# South Africans in Perth



## Storm (Feb 13, 2009)

Hi,

Trying to get in touch with any South Africans in Perth???


----------



## Carika (May 13, 2009)

Moved to Perth February 2008!! Originaly from Pretoria.


----------



## Storm (Feb 13, 2009)

Fantastic! I'm also from Pretoria and moving to Perth May 2010. How are you finding it Carika? What area do you stay in?


----------



## Halo (May 8, 2008)

For fooks sake people.... Hook up with Ozzies..... Leave the miele-pap behind you


----------



## Storm (Feb 13, 2009)

Ha ha! Yeah, you're right but still good to have something 'familiar'


----------



## AUSSA (Aug 10, 2009)

*Any sa stay at home moms in middle swan area?*



Storm said:


> Hi,
> 
> Trying to get in touch with any South Africans in Perth???


Hi- I am married and have 3 children- 2 daughters aged 16 and 12 - and a 4 month old baby. 
Been "a while"since I was a stay at home mom- and keen to meet other SAfrican stay at home moms in the area!


----------



## Storm (Feb 13, 2009)

Would love to get in touch once I'm there. Moving to Perth in May 2009. No kids yet, but hoping to be expecting by that time!


----------



## KimS (Nov 27, 2009)

*New website for South Africans in Perth*



Storm said:


> Would love to get in touch once I'm there.

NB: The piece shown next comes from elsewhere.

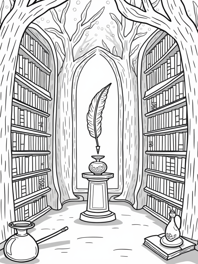 This scene is straight out of a magical storybook! Picture towering bookshelves shaped like ancient trees, each filled with colorful spellbooks that seem to float above the ground. Their pages flutter like leaves in the wind, adding to the enchanting atmosphere. A giant quill pen, resembling a feathered serpent, curls around a sparkling inkwell, making you wonder what magical tales are waiting to be written.

Moving to Perth in May 2009. No kids yet, but hoping to be expecting by that time!


Hi, hope all is going well in Perth... expecting yet?? What do you think of the city?
Ciao


----------



## microbunny (Apr 24, 2009)

Hi, 
Im not from SA but im moving to Perth in May 2010 and wont know anyone either!!! But im really looking forward to the big move and meeting new people


----------



## Jason1 (Jun 23, 2009)

I'm moving from Randburg to Perth in May 2010


----------



## KimS (Nov 27, 2009)

There are so many South Africans, I heard it called Perthfontein the other day.


----------



## bok-mal (Jan 16, 2010)

*Some links to contacting South Africans*



Storm said:


> Hi,
> 
> Trying to get in touch with any South Africans in Perth???


Hi,
I keep in touch on FACEBOOK. Just search for South Africans in Perth.
I like Bing, the new Microsoft search engine. Go search there and you will find a few websites packed with info.
They are a bit short on rugby content, but hey, the world is not perfect.


----------



## bok-mal (Jan 16, 2010)

*Perth-fontein*



KimS said:


> There are so many South Africans, I heard it called Perthfontein the other day.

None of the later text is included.